И опять сноска в тексте: Пушкин, пробуя на слушателях законченный замысел своего «Влюбленного беса», рассказал его как-то на вечере у Карамзиных. И надо же! Один из гостей — юный Титов, вернувшись домой, записал рассказ поэта в тетрадь, а вскоре явился с повинной к автору и перечел записанное, в надежде опубликовать повесть. Пушкин был убит. Устно поправив чтеца, он махнул рукой на давний замысел. Стыдливый плагиат был вскоре издан, шедевр — погиб… Собственно
А тайное имя Петрополиса было всегда одно и тоже — Амстердам! Именно его было велено построить Доменико Трезини. Велено — исполнено.
Достоевский сделал попытку провести через прямоугольники Амстербурга древесное кольцо в духе московских кругов, соединить Летний сад, Марсово поле, деревья Таврического с зеленью Адмиралтейства и Исаакия извилистой бульварной полосой. Кривой линией поверх геометрии углов. Но попытка эта была мысленной.
Последним «словом» паркового искусства в конце века стал сад садиста, эстляндкого барона Карла-Августа-Симеона-Генриха-Фридриха фон Нейман-Муциуса. Его творение находилось где-то в районе современного Керново, недалеко от Балтийского побережья. Пресытившись собственным парком, новый маркиз де Сад велел половину деревьев выкопать и посадить в те же ямы, только головой вниз, а корнями вверх. Велено — исполнено. И что же? Деревья в массе своей прижились! Корни, кое-как, пустили ветки, а кроны, с грехом пополам, превратились в корни.

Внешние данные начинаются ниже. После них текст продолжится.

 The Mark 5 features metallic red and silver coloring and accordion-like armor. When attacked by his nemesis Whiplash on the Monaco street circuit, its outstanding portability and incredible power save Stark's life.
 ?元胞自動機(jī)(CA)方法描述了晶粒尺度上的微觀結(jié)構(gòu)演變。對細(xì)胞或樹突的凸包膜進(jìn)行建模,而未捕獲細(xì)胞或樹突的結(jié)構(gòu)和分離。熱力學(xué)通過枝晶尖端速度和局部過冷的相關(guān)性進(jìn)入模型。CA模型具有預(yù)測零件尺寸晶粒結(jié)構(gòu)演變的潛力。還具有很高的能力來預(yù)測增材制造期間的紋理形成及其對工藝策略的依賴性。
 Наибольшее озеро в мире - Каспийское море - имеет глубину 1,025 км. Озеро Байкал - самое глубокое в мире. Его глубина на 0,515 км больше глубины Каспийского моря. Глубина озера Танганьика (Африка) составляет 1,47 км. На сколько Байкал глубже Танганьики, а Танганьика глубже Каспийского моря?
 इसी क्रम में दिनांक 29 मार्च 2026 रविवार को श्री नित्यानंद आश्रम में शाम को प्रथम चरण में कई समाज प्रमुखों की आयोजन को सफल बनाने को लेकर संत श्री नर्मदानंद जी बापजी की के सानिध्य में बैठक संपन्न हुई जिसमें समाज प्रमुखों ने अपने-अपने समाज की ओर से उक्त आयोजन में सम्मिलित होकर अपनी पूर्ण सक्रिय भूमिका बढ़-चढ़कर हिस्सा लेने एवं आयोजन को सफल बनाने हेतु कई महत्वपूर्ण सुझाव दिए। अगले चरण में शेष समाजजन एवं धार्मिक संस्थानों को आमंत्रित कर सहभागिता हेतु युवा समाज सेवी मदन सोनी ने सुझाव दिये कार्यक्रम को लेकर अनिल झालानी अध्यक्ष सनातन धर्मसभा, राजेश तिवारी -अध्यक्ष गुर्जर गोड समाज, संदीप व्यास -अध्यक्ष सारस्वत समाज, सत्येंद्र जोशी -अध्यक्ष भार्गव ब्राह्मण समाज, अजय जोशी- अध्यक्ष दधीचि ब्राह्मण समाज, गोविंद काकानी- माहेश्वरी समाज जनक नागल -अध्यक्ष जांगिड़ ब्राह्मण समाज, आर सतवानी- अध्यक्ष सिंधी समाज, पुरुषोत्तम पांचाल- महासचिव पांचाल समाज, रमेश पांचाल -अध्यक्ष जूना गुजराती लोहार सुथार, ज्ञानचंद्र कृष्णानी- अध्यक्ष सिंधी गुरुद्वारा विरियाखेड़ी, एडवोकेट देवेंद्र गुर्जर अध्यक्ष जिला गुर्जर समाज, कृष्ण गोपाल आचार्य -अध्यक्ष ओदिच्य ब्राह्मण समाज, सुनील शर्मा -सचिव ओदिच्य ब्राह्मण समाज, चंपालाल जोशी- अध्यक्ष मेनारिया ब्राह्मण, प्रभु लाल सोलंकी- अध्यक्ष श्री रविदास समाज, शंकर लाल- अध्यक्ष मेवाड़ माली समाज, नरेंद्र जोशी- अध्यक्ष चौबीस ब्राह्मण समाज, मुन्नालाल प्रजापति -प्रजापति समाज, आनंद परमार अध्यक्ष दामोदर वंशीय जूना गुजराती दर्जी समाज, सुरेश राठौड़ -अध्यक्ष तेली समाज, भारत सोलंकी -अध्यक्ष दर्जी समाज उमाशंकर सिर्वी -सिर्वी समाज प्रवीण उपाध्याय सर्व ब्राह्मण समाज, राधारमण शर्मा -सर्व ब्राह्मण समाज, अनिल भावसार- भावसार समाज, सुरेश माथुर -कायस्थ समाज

Но вернемся в брошенный парк.
Если регулярную часть на верхней терассе смял еловый частокол и вал чертополоха, то в нижнем вольном парке, наоборот, соразмерность и величие остались прежними, даже после того как всласть набрали воздуха и размаха.

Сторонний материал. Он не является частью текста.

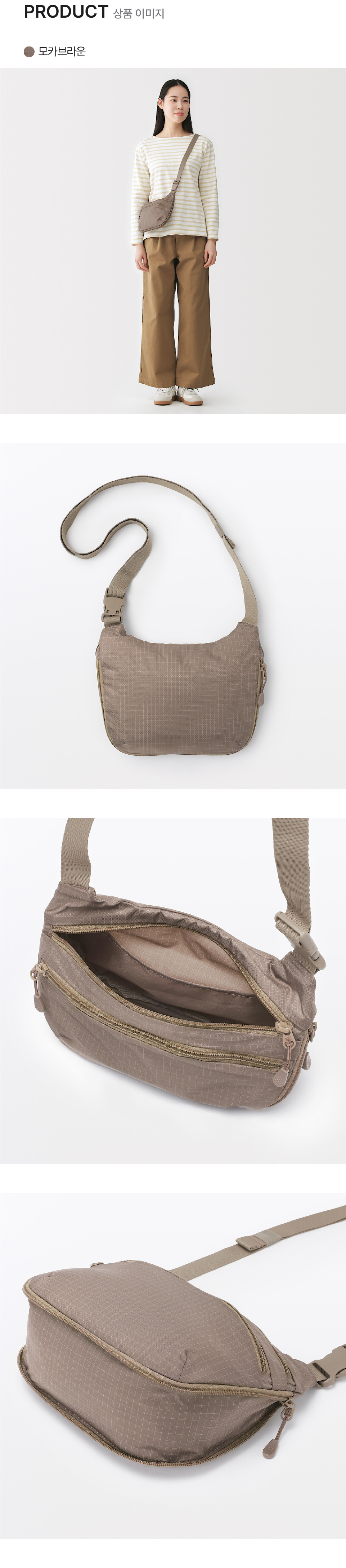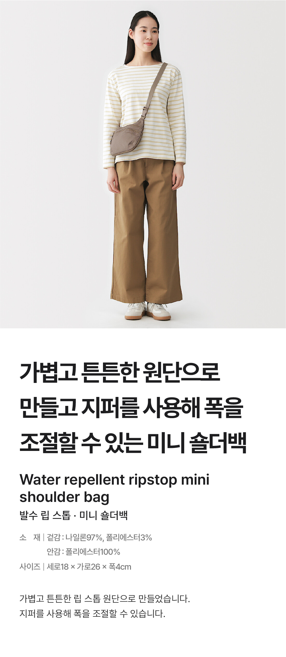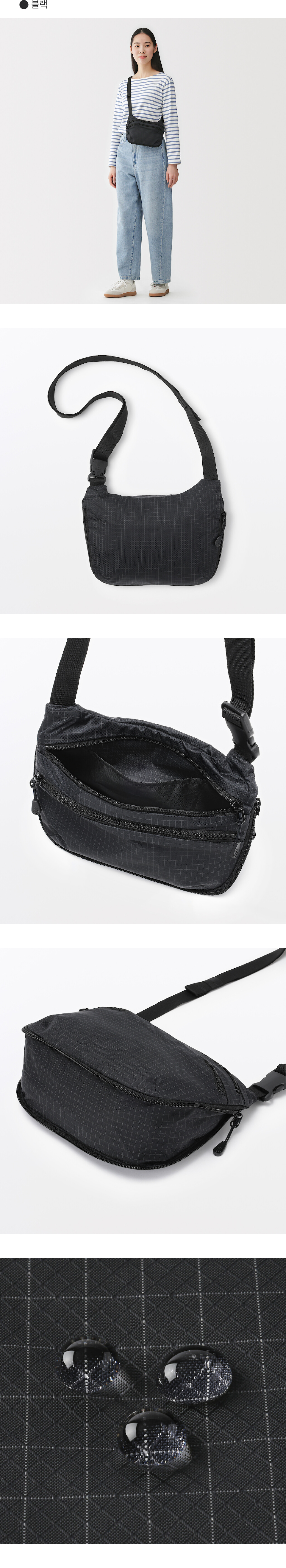 ●이 상품은 겉감에 재생 나일론을 97% 사용했습니다. ●이 상품은 겉감에 재생 폴리에스터를 3% 사용했습니다. ●이 상품은 안감에 재생 폴리에스터를 100% 사용했습니다. ●발수(물을 튕기기 쉬운 성질):사용에 의해 서서히 발수 효과가 사라집니다. ●이염될 수 있으니, 가방 안에 젖은 물건을 넣은 채로 장시간 방치하지 마십시오. ●이 제품은 우레탄 수지를 사용하고 있으며, 습기에 의해 열화되는 성질이 있으므로, 보관 상태에 따라 열화될 수 있다는 점을 양해해 주십시오. ●가능한 온도와 습도가 낮고 통풍이 잘되는 곳에 보관하십시오. ●폭을 넓혔을 때의 용량: 3 L

Врастали в небо колоссальные сосны. Поражали массой священные дубы во главе с одноруким трезубцем (теперь уже двузубцем). Благоухали вековые липы. Земля между стволами лежала чистой и ровной, осенью — под ковром палой листвы, зимой — под снежным покровом, летом под иглами и травой. Странно, но алчный кустарник не захватывал полосы света и открытые пятна солнцепека, только кое-где встали тихие фонтаны шиповника — зеленые фонтаны в струистых чашечках цветов — да выше поднялись камышевые трубки на озерцах. Еще больше! Вот уже полвека как парк хранил любимые черты капитанской внучки: так же вился коленами «галантир»; стояли веером семь кленов, «семеро братьев»; зеленели, обнявшись, «дуэлянты»-липы, розовела на закате телесной чешуей и золотой шелухой сосна — «одинокая мачта»; рокотал малахитовой тучей дуб Периклес.
Постепенно, сама собой, оживилась проточная вода в нижнем парке, просочились по линиям красоты родниковые побеги. Тривиальный гений покойного Сонцева снова воскрес, ряска облезла с прудов, и зеркала засияли на солнце.
В начале тридцатых годов здесь было решено открыть пансионат для полярных летчиков и вокруг устроить парк культурного отдыха. Так в парк вступила новая Красота.